## Aim of the exercise
Every line from the top of the records through the line containing "2017年郑州联合杯初赛将于" should be retyped exactly; the pictures should not.

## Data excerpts
━━━━━━━━━━━━━━━━

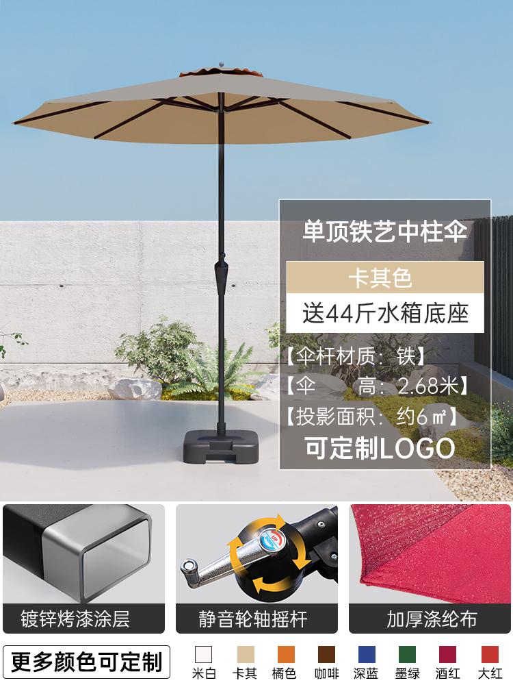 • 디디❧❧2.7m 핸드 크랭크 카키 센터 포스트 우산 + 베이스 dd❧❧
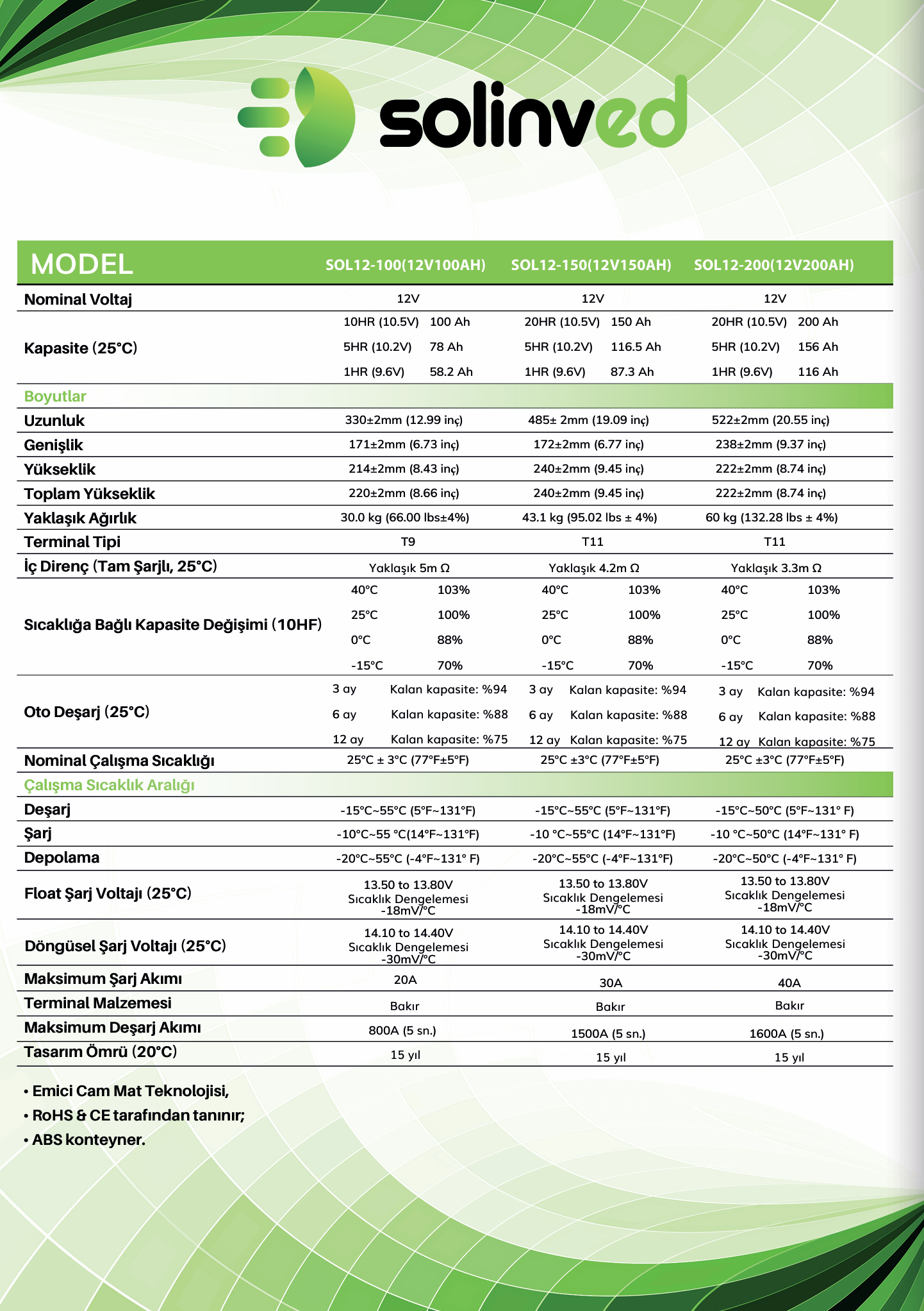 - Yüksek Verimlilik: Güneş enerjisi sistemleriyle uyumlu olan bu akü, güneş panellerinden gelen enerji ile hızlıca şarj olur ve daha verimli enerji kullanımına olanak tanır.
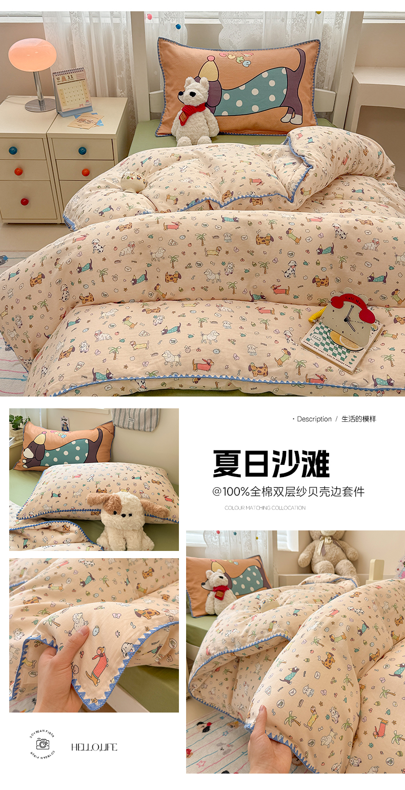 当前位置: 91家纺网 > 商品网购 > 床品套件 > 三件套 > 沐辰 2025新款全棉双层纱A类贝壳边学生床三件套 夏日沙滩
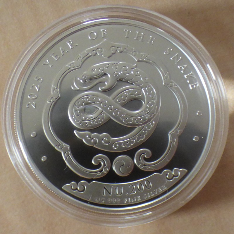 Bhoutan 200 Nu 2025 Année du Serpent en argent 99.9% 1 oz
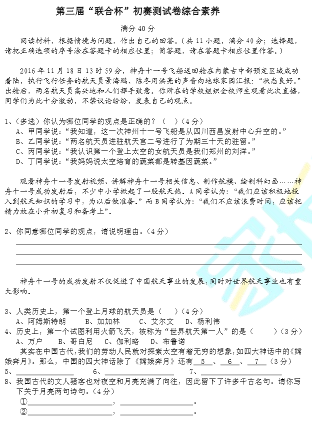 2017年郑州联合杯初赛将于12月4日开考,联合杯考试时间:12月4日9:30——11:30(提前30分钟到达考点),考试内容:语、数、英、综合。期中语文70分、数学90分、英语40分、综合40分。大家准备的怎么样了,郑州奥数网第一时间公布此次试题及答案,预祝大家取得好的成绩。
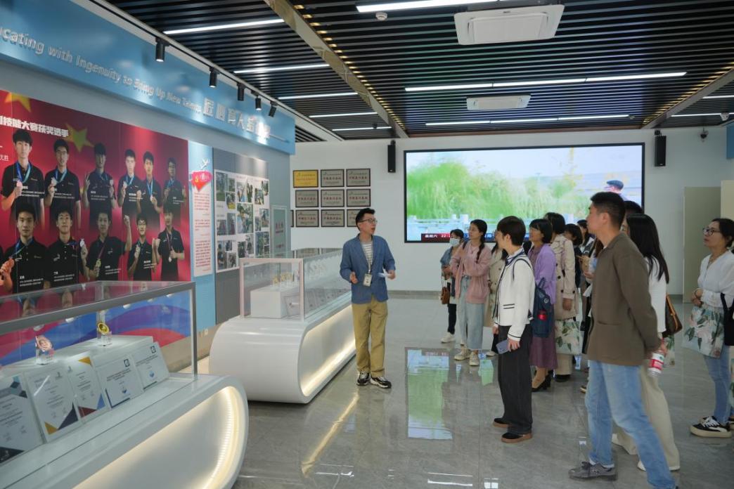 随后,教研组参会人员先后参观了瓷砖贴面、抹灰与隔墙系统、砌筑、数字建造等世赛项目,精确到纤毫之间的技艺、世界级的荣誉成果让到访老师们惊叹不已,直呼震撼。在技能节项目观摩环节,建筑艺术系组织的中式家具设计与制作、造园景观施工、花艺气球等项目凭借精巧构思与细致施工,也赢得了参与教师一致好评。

━━━━━━━━━━━━━━━━

## Reply
 • 디디❧❧2.7m 핸드 크랭크 카키 센터 포스트 우산 + 베이스 dd❧❧
 - Yüksek Verimlilik: Güneş enerjisi sistemleriyle uyumlu olan bu akü, güneş panellerinden gelen enerji ile hızlıca şarj olur ve daha verimli enerji kullanımına olanak tanır.
 当前位置: 91家纺网 > 商品网购 > 床品套件 > 三件套 > 沐辰 2025新款全棉双层纱A类贝壳边学生床三件套 夏日沙滩
 Bhoutan 200 Nu 2025 Année du Serpent en argent 99.9% 1 oz
 2017年郑州联合杯初赛将于12月4日开考,联合杯考试时间:12月4日9:30——11:30(提前30分钟到达考点),考试内容:语、数、英、综合。期中语文70分、数学90分、英语40分、综合40分。大家准备的怎么样了,郑州奥数网第一时间公布此次试题及答案,预祝大家取得好的成绩。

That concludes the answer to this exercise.